Run a Serve application and return a ServeHandle to the ingress.

Either a ClassNode, FunctionNode, or a pre-built application can be passed in. If a node is passed in, all of the deployments it depends on will be deployed. If there is an ingress, its handle will be returned.

Parameters
  • target (Union[ClassNode, FunctionNode, Application]) – A user-built Serve Application or a ClassNode that acts as the root node of DAG. By default ClassNode is the Driver deployment unless user provides a customized one.

  • host – Host for HTTP servers to listen on. Defaults to “127.0.0.1”. To expose Serve publicly, you probably want to set this to “0.0.0.0”.

  • port – Port for HTTP server. Defaults to 8000.

Returns

A regular ray serve handle that can be called by user

to execute the serve DAG.

Return type

RayServeHandle

PublicAPI (beta): This API is in beta and may change before becoming stable.

ray.serve.start(detached: bool = False, http_options: Optional[Union[dict, ray.serve.config.HTTPOptions]] = None, dedicated_cpu: bool = False, **kwargs) ray.serve._private.client.ServeControllerClient[source]

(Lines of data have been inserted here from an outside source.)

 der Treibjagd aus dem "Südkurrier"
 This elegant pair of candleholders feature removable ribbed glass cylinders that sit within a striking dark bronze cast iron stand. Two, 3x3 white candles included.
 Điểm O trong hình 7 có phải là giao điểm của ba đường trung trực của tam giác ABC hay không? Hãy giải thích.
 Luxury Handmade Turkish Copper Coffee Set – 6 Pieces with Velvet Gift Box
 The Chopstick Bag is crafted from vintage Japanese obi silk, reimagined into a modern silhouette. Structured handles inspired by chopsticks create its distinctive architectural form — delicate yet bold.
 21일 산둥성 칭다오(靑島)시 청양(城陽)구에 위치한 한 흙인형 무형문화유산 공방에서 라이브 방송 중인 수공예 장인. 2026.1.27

Initialize a serve instance.

By default, the instance will be scoped to the lifetime of the returned Client object (or when the script exits). If detached is set to True, the instance will instead persist until serve.shutdown() is called. This is only relevant if connecting to a long-running Ray cluster (e.g., with ray.init(address=”auto”) or ray.init(“ray://<remote_addr>”)).

Parameters
  • detached – Whether not the instance should be detached from this script. If set, the instance will live on the Ray cluster until it is explicitly stopped with serve.shutdown().

  • http_options (Optional[Dict, serve.HTTPOptions]) –

    Configuration options for HTTP proxy. You can pass in a dictionary or HTTPOptions object with fields:

    • host: Host for HTTP servers to listen on. Defaults to “127.0.0.1”. To expose Serve publicly, you probably want to set this to “0.0.0.0”.

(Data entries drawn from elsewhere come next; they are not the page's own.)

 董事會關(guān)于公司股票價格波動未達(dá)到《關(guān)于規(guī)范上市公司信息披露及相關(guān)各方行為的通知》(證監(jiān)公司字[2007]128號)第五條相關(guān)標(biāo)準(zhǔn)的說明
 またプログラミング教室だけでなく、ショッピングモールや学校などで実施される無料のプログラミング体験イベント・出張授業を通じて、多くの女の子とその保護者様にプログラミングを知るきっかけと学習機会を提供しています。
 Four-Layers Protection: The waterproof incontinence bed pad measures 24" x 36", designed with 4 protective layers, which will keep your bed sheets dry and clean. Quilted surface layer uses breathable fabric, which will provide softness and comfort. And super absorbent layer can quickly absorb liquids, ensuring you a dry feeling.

    • port: Port for HTTP server. Defaults to 8000.

    • root_path: Root path to mount the serve application (for example, “/serve”). All deployment routes will be prefixed with this path. Defaults to “”.

    • middlewares: A list of Starlette middlewares that will be applied to the HTTP servers in the cluster. Defaults to [].

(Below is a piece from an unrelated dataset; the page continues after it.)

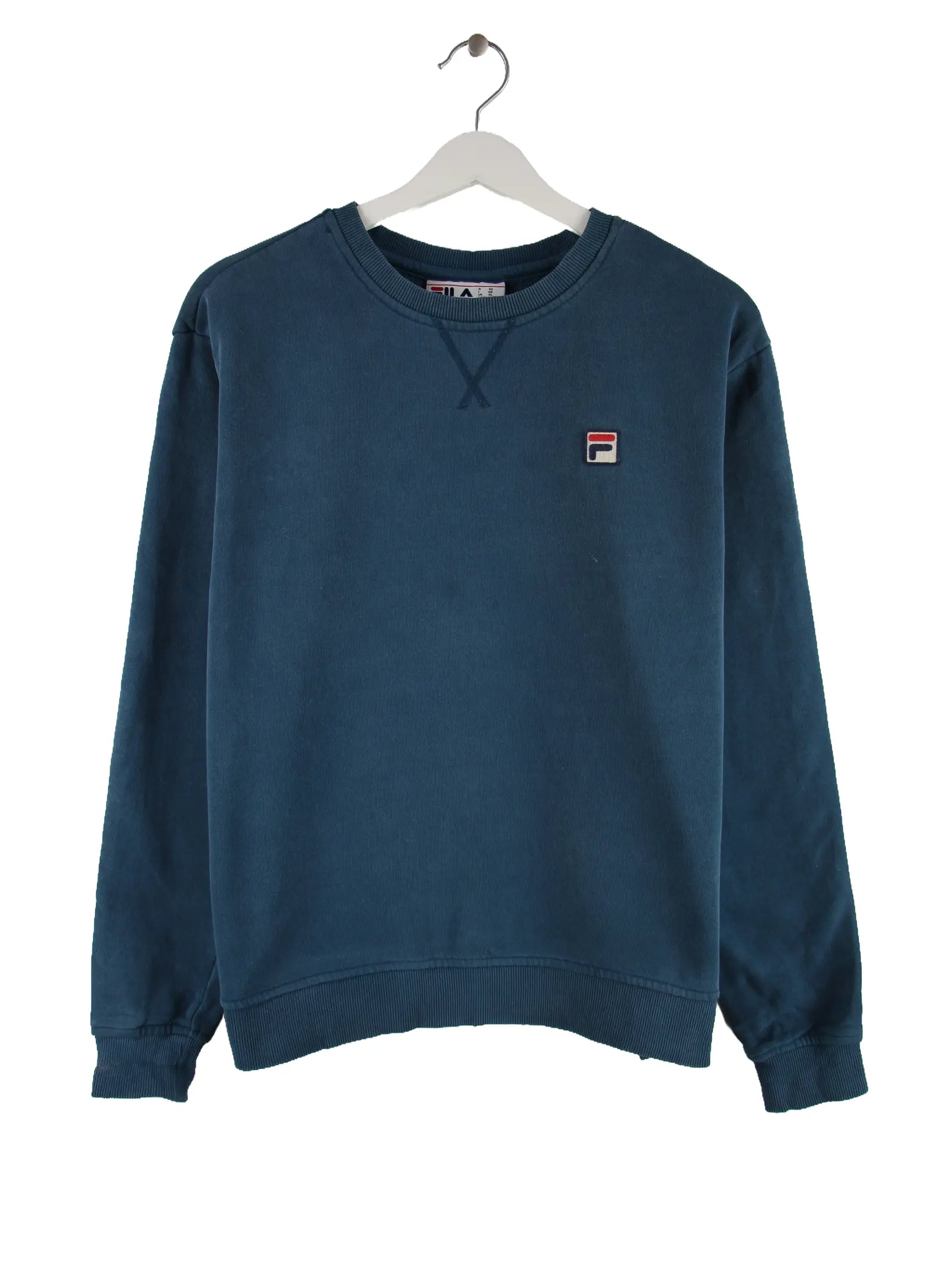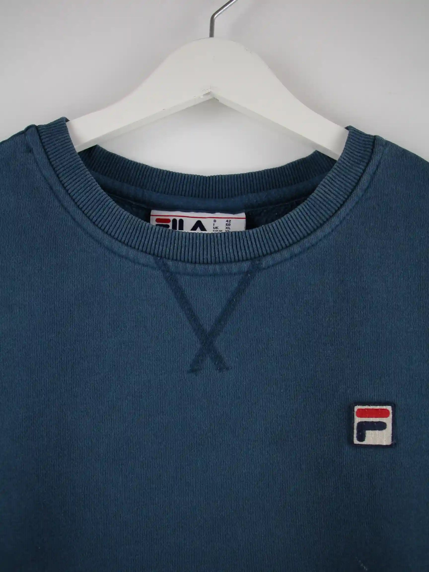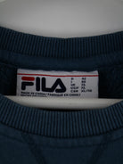 Blauer Sweater der Marke Fila in Größe L. Er ist aus einer Baumwollmischung hergestellt. Den Zustand würden wir als 'In Ordnung' bezeichnen (vergl. Bilder).

    • location(str, serve.config.DeploymentMode): The deployment location of HTTP servers:

      • ”HeadOnly”: start one HTTP server on the head node. Serve assumes the head node is the node you executed serve.start on. This is the default.

      • ”EveryNode”: start one HTTP server per node.

      • ”NoServer” or None: disable HTTP server.

    • num_cpus: The number of CPU cores to reserve for each internal Serve HTTP proxy actor. Defaults to 0.

  • dedicated_cpu – Whether to reserve a CPU core for the internal Serve controller actor. Defaults to False.

Warning

DEPRECATED: This API is deprecated and may be removed in a future Ray release. See https://docs.ray.io/en/latest/serve/index.html for more information.

ray.serve.deployment(func_or_class: Callable) ray.serve.deployment.Deployment[source]
ray.serve.deployment(name: Union[ray.serve._private.utils.DEFAULT, str] = DEFAULT.VALUE, version: Union[ray.serve._private.utils.DEFAULT, str] = DEFAULT.VALUE, num_replicas: Union[ray.serve._private.utils.DEFAULT, int] = DEFAULT.VALUE, init_args: Union[ray.serve._private.utils.DEFAULT, Tuple[Any]] = DEFAULT.VALUE, init_kwargs: Union[ray.serve._private.utils.DEFAULT, Dict[Any, Any]] = DEFAULT.VALUE, route_prefix: Optional[Union[ray.serve._private.utils.DEFAULT, str]] = DEFAULT.VALUE, ray_actor_options: Union[ray.serve._private.utils.DEFAULT, Dict] = DEFAULT.VALUE, user_config: Union[ray.serve._private.utils.DEFAULT, Any] = DEFAULT.VALUE, max_concurrent_queries: Union[ray.serve._private.utils.DEFAULT, int] = DEFAULT.VALUE, autoscaling_config: Union[ray.serve._private.utils.DEFAULT, Dict, ray.serve.config.AutoscalingConfig] = DEFAULT.VALUE, graceful_shutdown_wait_loop_s: Union[ray.serve._private.utils.DEFAULT, float] = DEFAULT.VALUE, graceful_shutdown_timeout_s: Union[ray.serve._private.utils.DEFAULT, float] = DEFAULT.VALUE, health_check_period_s: Union[ray.serve._private.utils.DEFAULT, float] = DEFAULT.VALUE, health_check_timeout_s: Union[ray.serve._private.utils.DEFAULT, float] = DEFAULT.VALUE, is_driver_deployment: Optional[bool] = DEFAULT.VALUE) Callable[[Callable], ray.serve.deployment.Deployment]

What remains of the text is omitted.